Can Exercise Obrogate the Detrimental Affects of Diet-Induced Obesity? (Brandon Chelette)
A hypokinetic lifestyle or consumption of an unbalanced, high-fat diet (or both) causes excess fat to be deposited resulting in weight gain. However, the detrimental effects of energy imbalance are not limited to superficial consequences such as needing to buy larger pants. Obesity is a high-risk disease that is correlated with cardiovascular disease, diabetes, cognitive deficits, and other maladies. Our lab’s recent findings have shown that the damage caused by metabolic imbalance even extends to the olfactory system. Mice maintained on a high-fat diet gain weight, of course, but they also lose important neurons in the olfactory bulb and have decreased odor-learning capabilities. The question is can we combat the negative effects of a high-fat diet in mice by simulating an active lifestyle? The physiological benefits of exercise are well documented, and again extend beyond cosmetic effects like weight loss. Consistent exercise reduces body fat, but also increases cognitive function, reduces inflammation, and stimulates neurogenesis in the hippocampus. My research focuses on using voluntary exercise and diet manipulation in an attempt to 1) ameliorate the negative effects of a high-fat diet and 2) investigate neuromodulation in the olfactory system of normal and transgenic mice.
Fatty Diet-induced Neuroinflammation (ashley loeven)

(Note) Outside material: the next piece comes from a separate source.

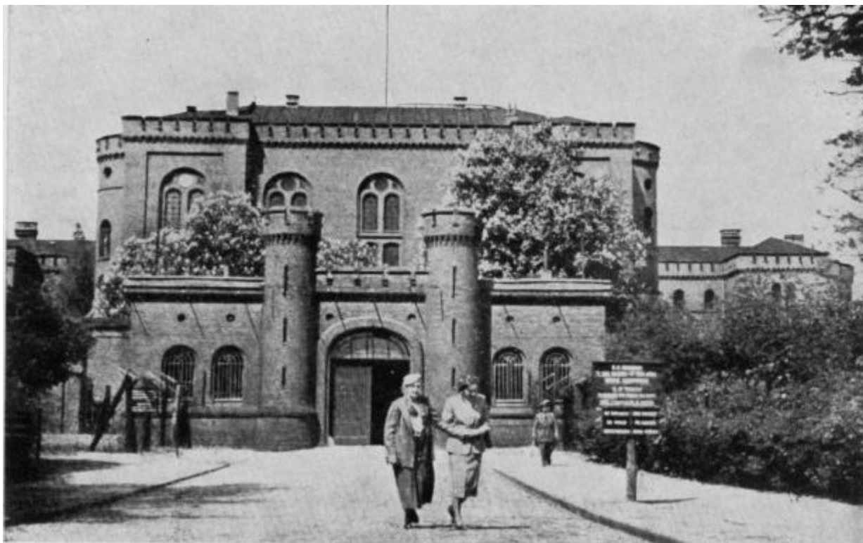
Ilustración 7 - Puerta de la cárcel de Spandau.

Our research has shown that mice fed a moderately high-fat diet exhibit a loss of olfactory sensory neurons. I have found that mice that are isocalorically matched on a diet that prevents obesity but contains 32% fat, still exhibit neuronal loss in the olfactory epithelium. This narrowed down my research focus from diet-induced obesity to dietary fat. The molecular process behind this loss is unknown, and the irreversible nature of the neuronal loss is interesting to me. It is known that dietary fat leads to whole-body inflammation and gut microbiome changes. I suspect that the gut microbiome shift induces systemic inflammation, which leads to an inflammatory state of the olfactory system and that this is responsible for the imbalance in neuroregeneration and cell death. I am exploring the connectivity of dietary fat, the gut microbiome, circulating inflammatory factors, neuroinflammation, and olfactory sensory neuronal loss.